Sunday 1st April 2018
quotequote all
ESA have updated their estimate.
http://blogs.esa.int/rocketscience/2018/03/26/tian...

"The team now are forecasting a window centred around 23:25 UTC on 1 April (01:25 CEST 2 April), and running from the afternoon of 1 April to the early morning on 2 April. This remains highly variable. "
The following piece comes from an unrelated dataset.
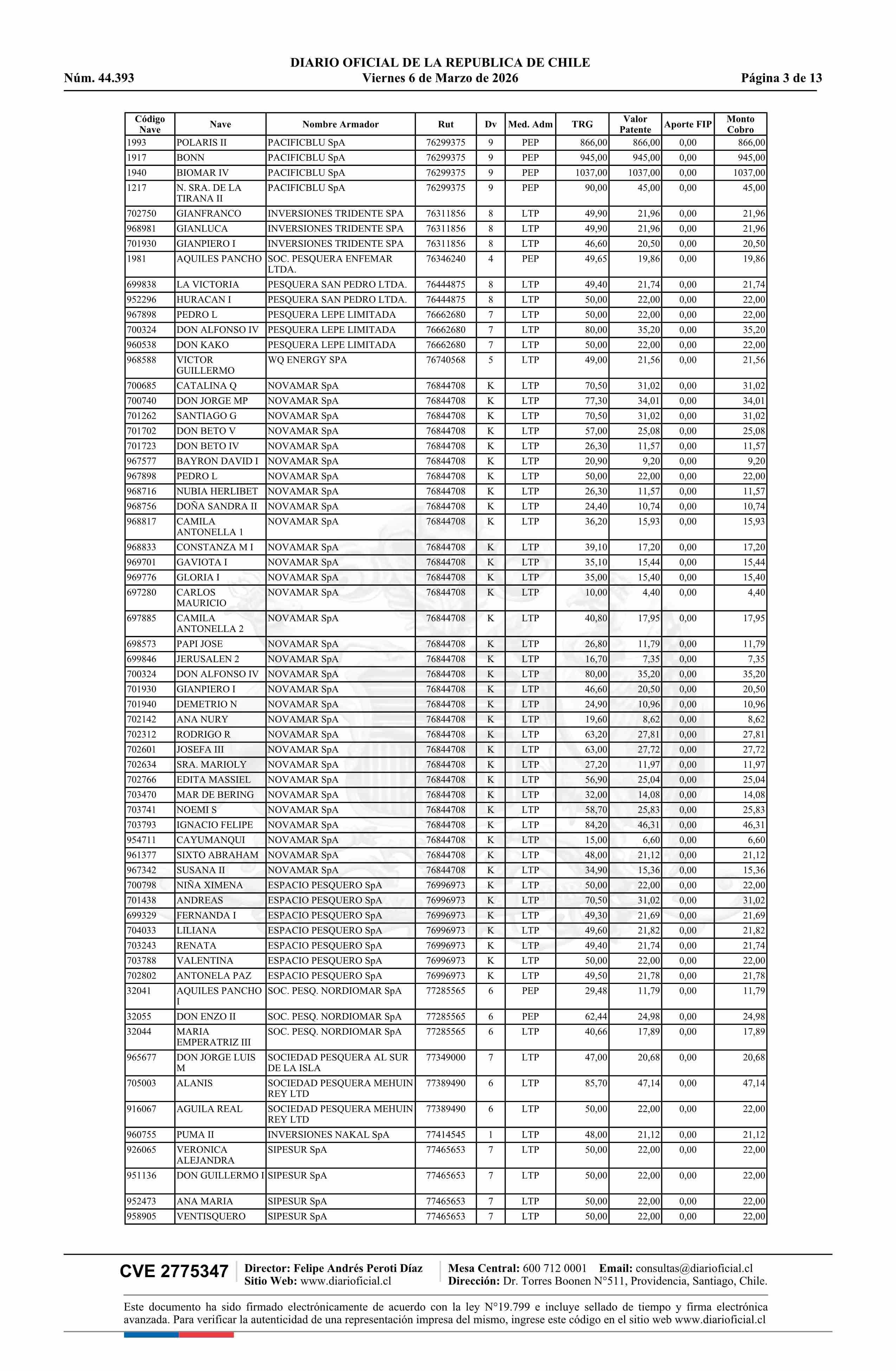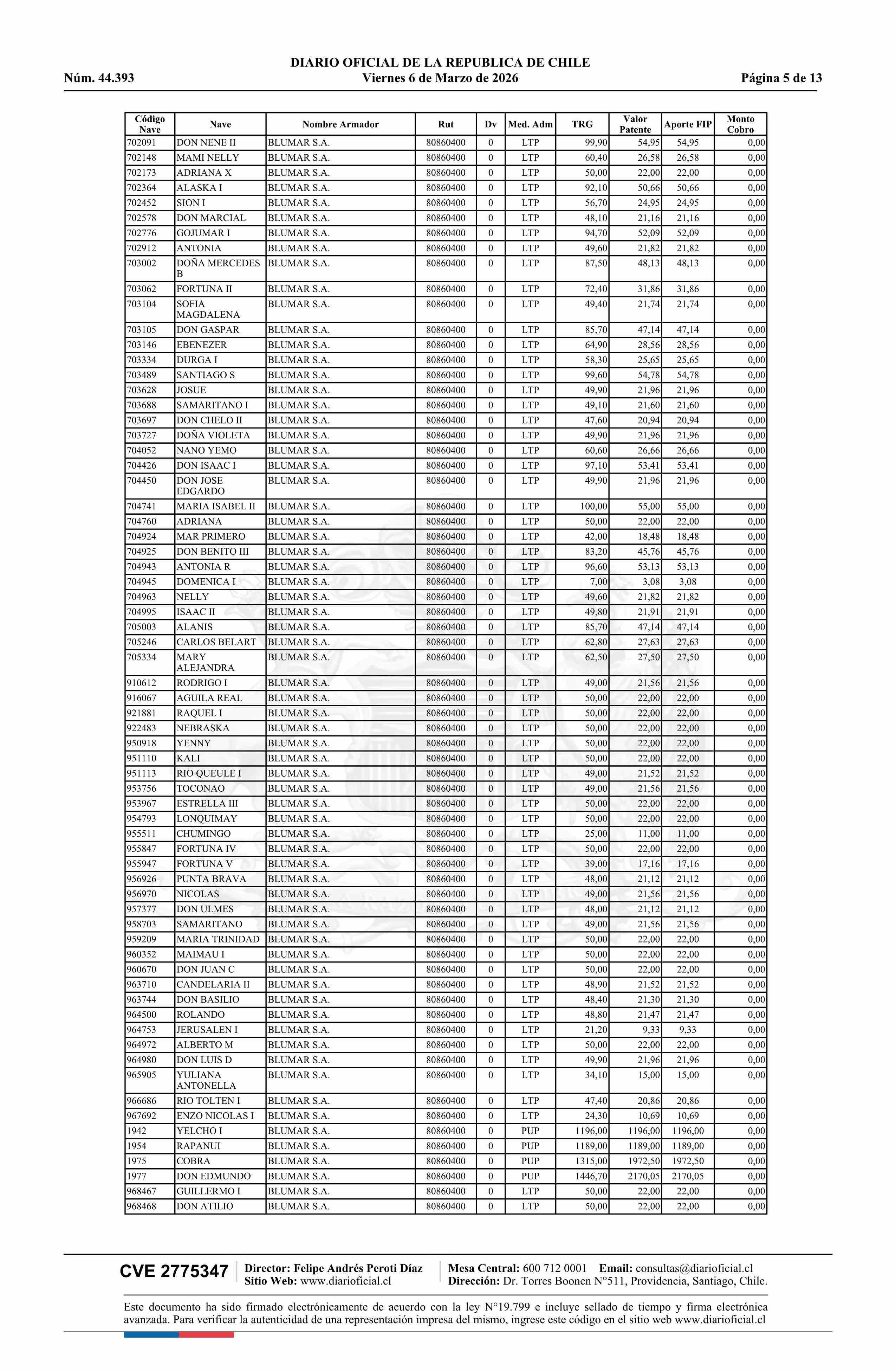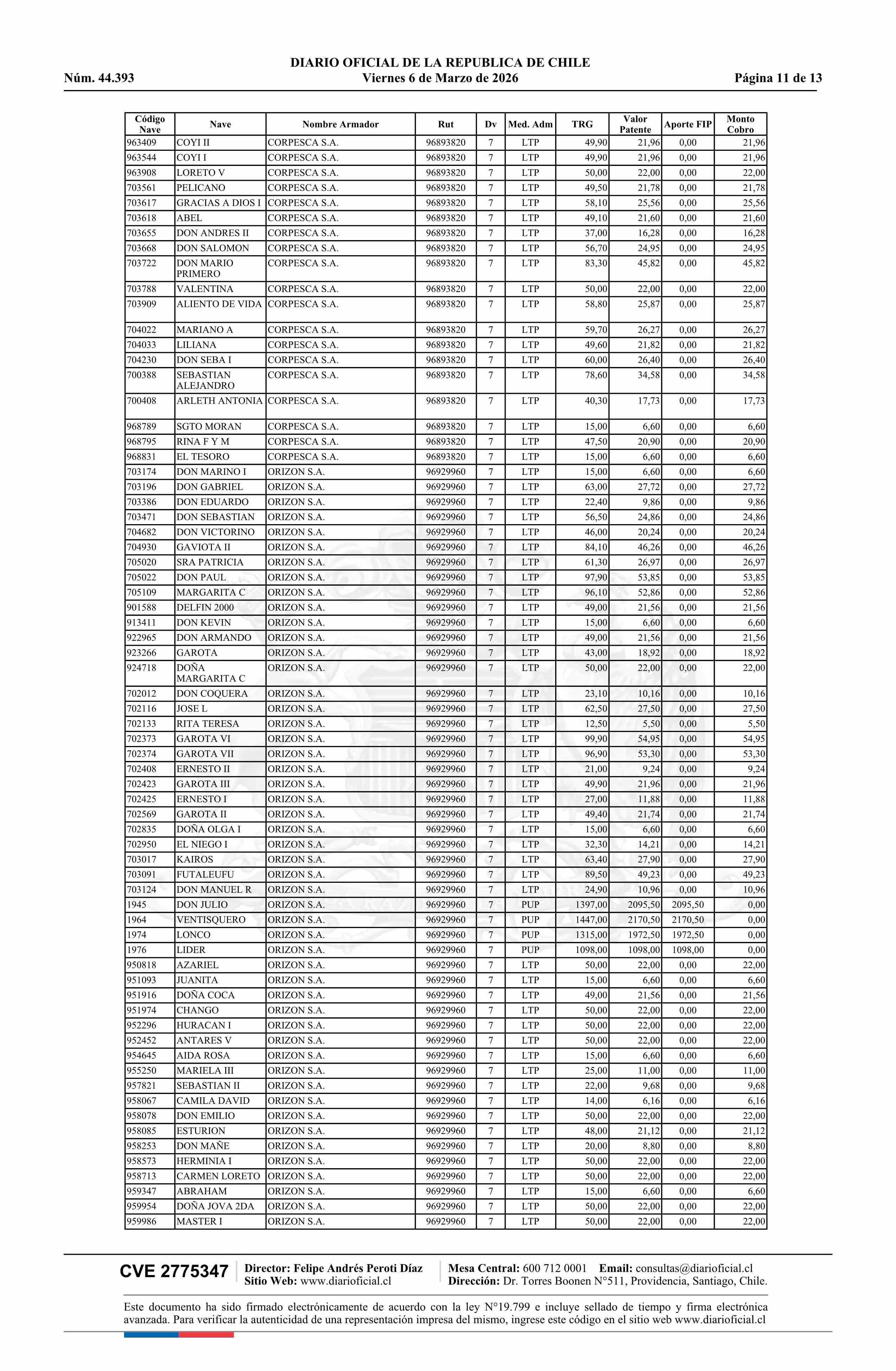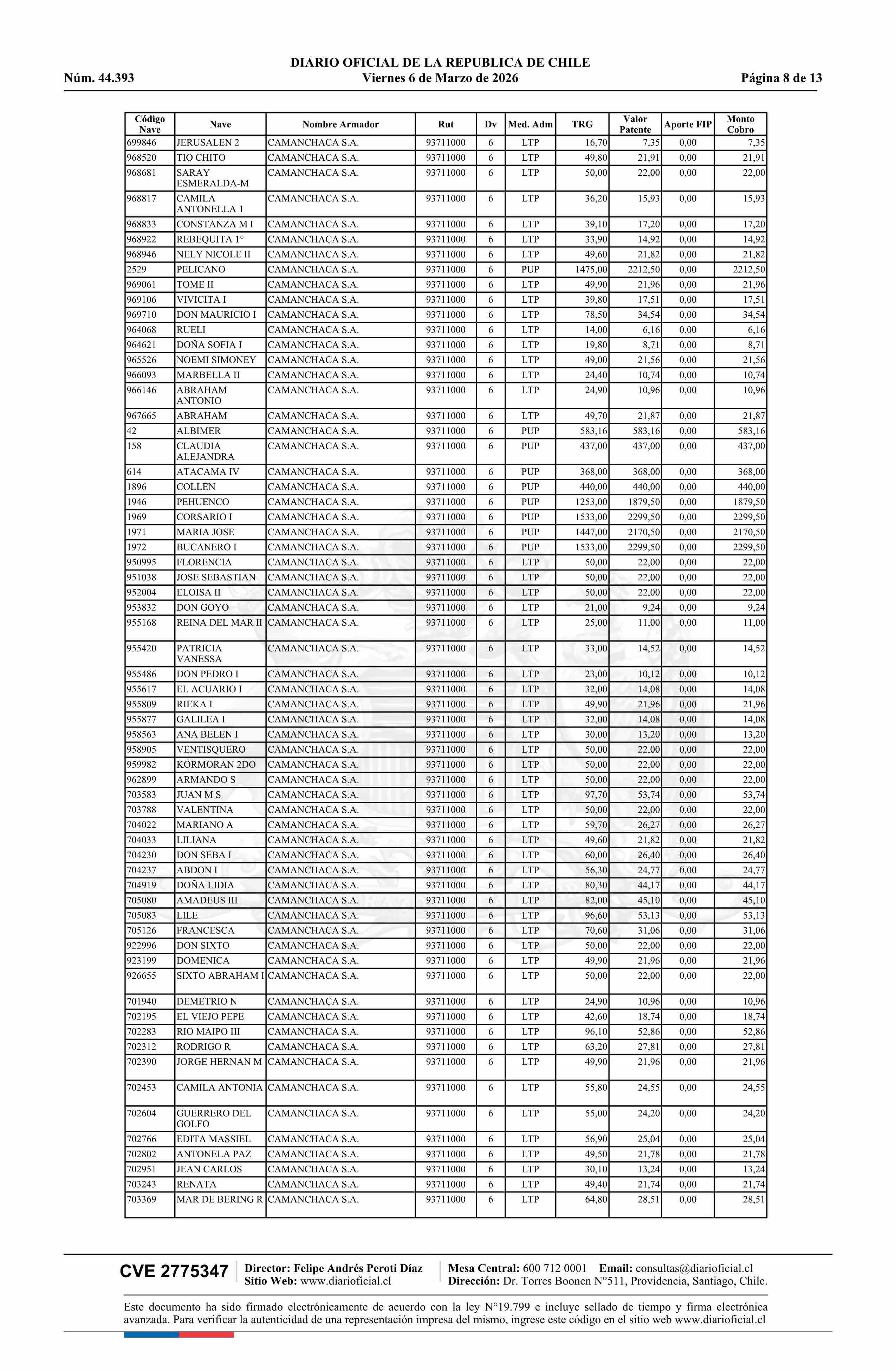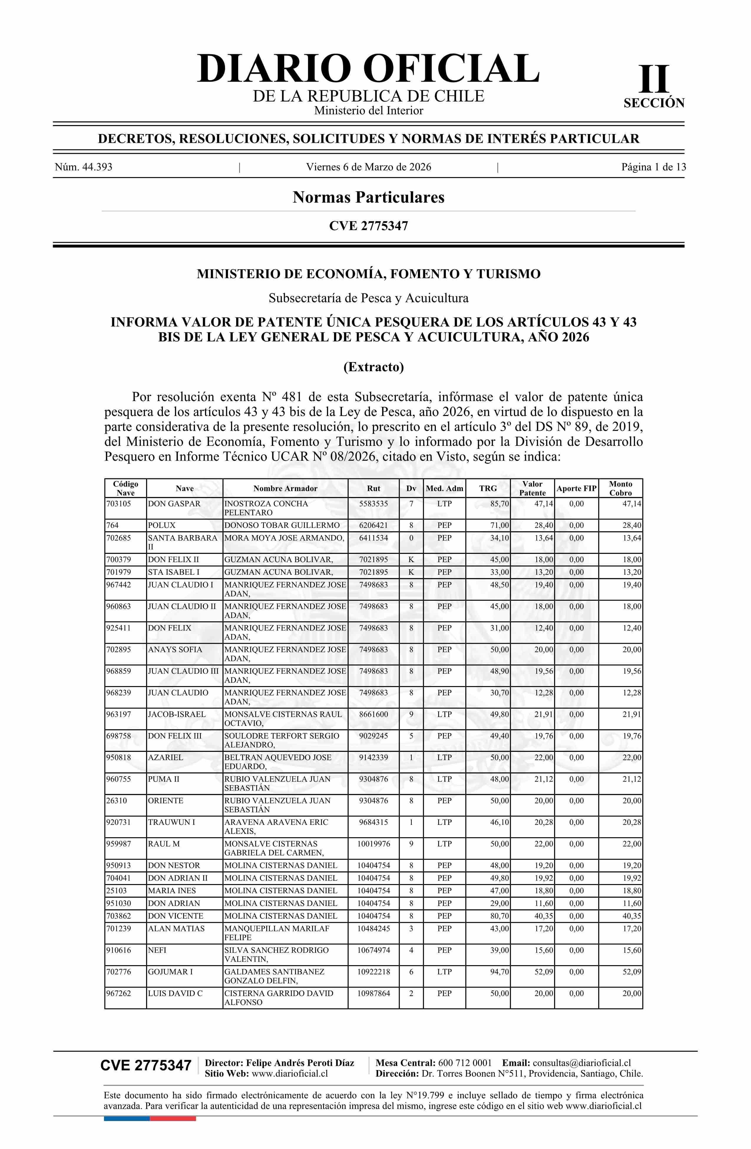 | Título: | Extracto de resolución exenta número 481, de 2026.- Informa valor de patente única pesquera de los artículos 43 y 43 bis de la Ley General de Pesca y Acuicultura, año 2026 |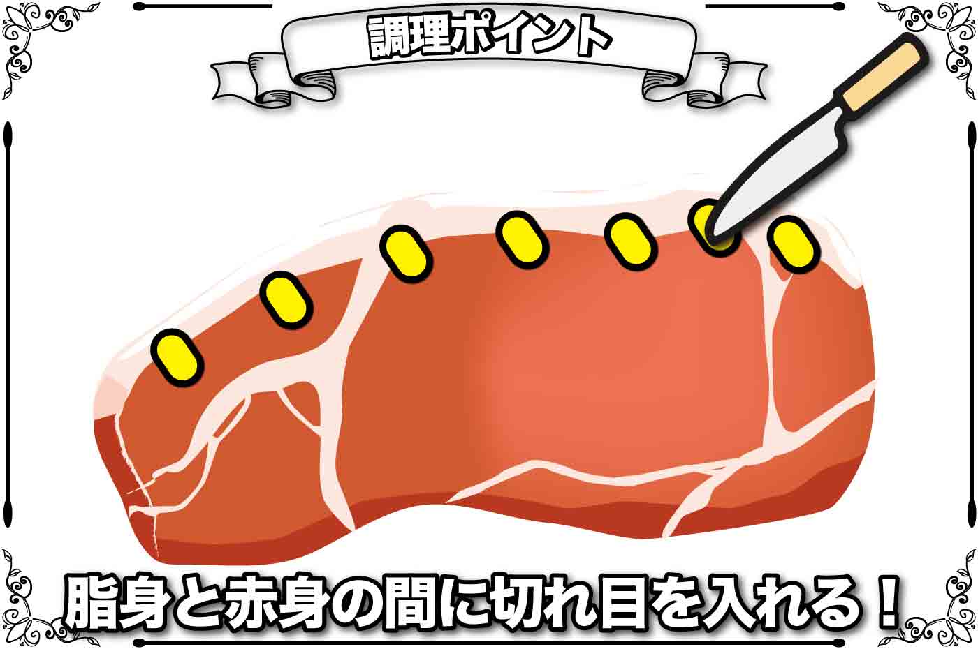 脂身と赤身の間にある層に、包丁の先を使い軽く切れ目を入れましょう。お肉の歯ごたえが柔らかくなります。

Edit. Saw 170 or so km yesterday.

Edited by jmorgan on Sunday 1st April 09:06

jmorgan

Original Poster:

36,010 posts

291 months

Monday 2nd April 2018
quotequote all
Just after midnight in the South Pacific then.

funkyrobot

18,789 posts

235 months

Monday 2nd April 2018
quotequote all
NW of Tahiti.

Wonder if anyone has any footage of the breakup. There is some crap on youtube but it seems fake.

jmorgan

Original Poster:

36,010 posts

291 months

Monday 2nd April 2018
quotequote all
They were not sure where it was going down, Pacific is rather large, what are the chances of someone catching the event?

Eric Mc

122,856 posts

272 months

Monday 2nd April 2018
quotequote all
jmorgan said:
They were not sure where it was going down, Pacific is rather large, what are the chances of someone catching the event?
I'd say reasonably high. Mir came down over the Pacific Ocean in 2001 and that event was caught on camera - in an era before mobile phone footage. So, I reckon it might very well have been caught on camera. I'm keeping an eye on You Tube to see if anything turns up.

Mir Re-Entry


https://www.youtube.com/watch?v=h902KJb0cfE

funkyrobot

18,789 posts

235 months

Monday 2nd April 2018
quotequote all
Eric Mc said:
jmorgan said:
They were not sure where it was going down, Pacific is rather large, what are the chances of someone catching the event?
I'd say reasonably high. Mir came down over the Pacific Ocean in 2001 and that event was caught on camera - in an era before mobile phone footage. So, I reckon it might very well have been caught on camera. I'm keeping an eye on You Tube to see if anything turns up.

Mir Re-Entry


https://www.youtube.com/watch?v=h902KJb0cfE
That vid was being used as the Tiangong 1 footage yesterday. hehe

jmorgan

Original Poster:

36,010 posts

291 months

Tuesday 3rd April 2018
quotequote all
Found this interesting
https://twitter.com/planet4589

Some commentary on one vid touted that was from Transformers....

Interesting read anyway. Jonathan McDowell, Astronomer.


Should be a sticky for interesting links.